The primary advantage of electron beam lithography is that it is one of the ways to beat the diffraction limit of light and make features in the nanometer regime. This form of maskless lithography has found wide usage in photomask-making used in photolithography, low-volume production of semiconductor components, and research & development.
The key limitation of electron beam lithography is throughput, i.e., the very long time it takes to expose an entire silicon wafer or glass substrate. A long exposure time leaves the user vulnerable to beam drift or instability which may occur during the exposure. Also, the turn-around time for reworking or re-design is lengthened unnecessarily if the pattern is not being changed the second time.
It is known that focused-ion-beam lithography has the capability of writing extremely fine lines (less than 50 nm line and space has been achieved) without proximity effect. However, because the writing field in ion-beam lithography is quite small, largearea patterns must be created by stitching together the small fields.
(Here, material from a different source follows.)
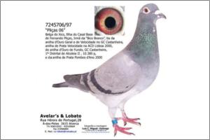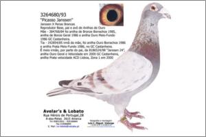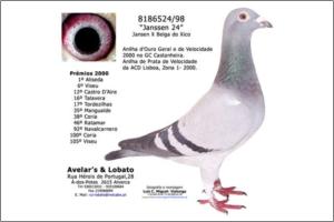 "A 24" Picassos Janssen x Stakenborg. Boa voadora de velocidade, 1º Sabugal 222km, 9º ACDL Bloco 1 em 1946 pombos. Familiar da 1º Distrital ACDL de Sabugal entre 10686 pombos, 2º Distrital ACDL de Canizal entre 12497 pombos, 3º Distrital ACDL Tordezilhas entre 10005 pombos.
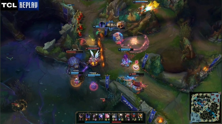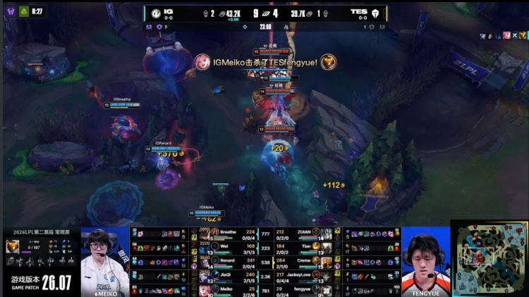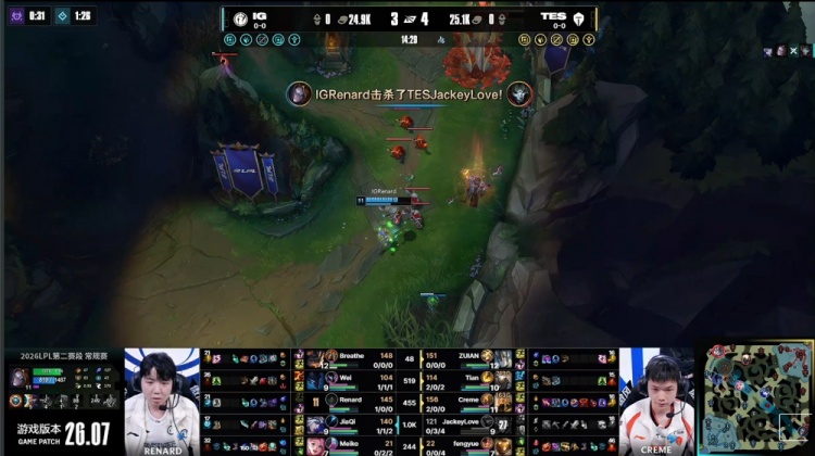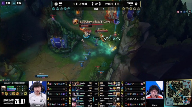 【22:48】大龙团x2,JiaQi艾希侧面闪现出来依然被小天潘森跟上融化,Renard发条与哥哥烬互换,Creme沙皇开戳,双方打出2换2,iG经济领先2k。

X-ray lithography, is a process used in electronic industry to selectively remove parts of a thin film. It uses X-rays to transfer a geometric pattern from a mask to a light-sensitive chemical photoresist, or simply "resist," on the substrate. A series of chemical treatments then engraves the produced pattern into the material underneath the photoresist.
Etching processes
There are two basic categories of etching processes: wet etching and dry etching. In the former, the material is dissolved when immersed in a chemical solution. In the latter, the material is sputtered or dissolved using reactive ions or a vapor phase etchant.[5][6] for a somewhat dated overview of MEMS etching technologies.
Wet etching
Wet chemical etching consists in selective removal of material by dipping a substrate into a solution that dissolves it. The chemical nature of this etching process provides a good selectivity, which means the etching rate of the target material is considerably higher than the mask material if selected carefully.
Isotropic etching
Etching progresses at the same speed in all directions. Long and narrow holes in a mask will produce v-shaped grooves in the silicon. The surface of these grooves can be atomically smooth if the etch is carried out correctly, with dimensions and angles being extremely accurate.
Anisotropic etching
Some single crystal materials, such as silicon, will have different etching rates depending on the crystallographic orientation of the substrate. This is known as anisotropic etching and one of the most common examples is the etching of silicon in KOH (potassium hydroxide), where Si <111> planes etch approximately 100 times slower than other planes (crystallographic orientations). Therefore, etching a rectangular hole in a (100)-Si wafer results in a pyramid shaped etch pit with 54.7° walls, instead of a hole with curved sidewalls as with isotropic etching.
HF etching
Hydrofluoric acid is commonly used as an aqueous etchant for silicon dioxide (SiO2, also known as BOX for SOI), usually in 49% concentrated form, 5:1, 10:1 or 20:1 BOE (buffered oxide etchant) or BHF (Buffered HF). They were first used in medieval times for glass etching. It was used in IC fabrication for patterning the gate oxide until the process step was replaced by RIE.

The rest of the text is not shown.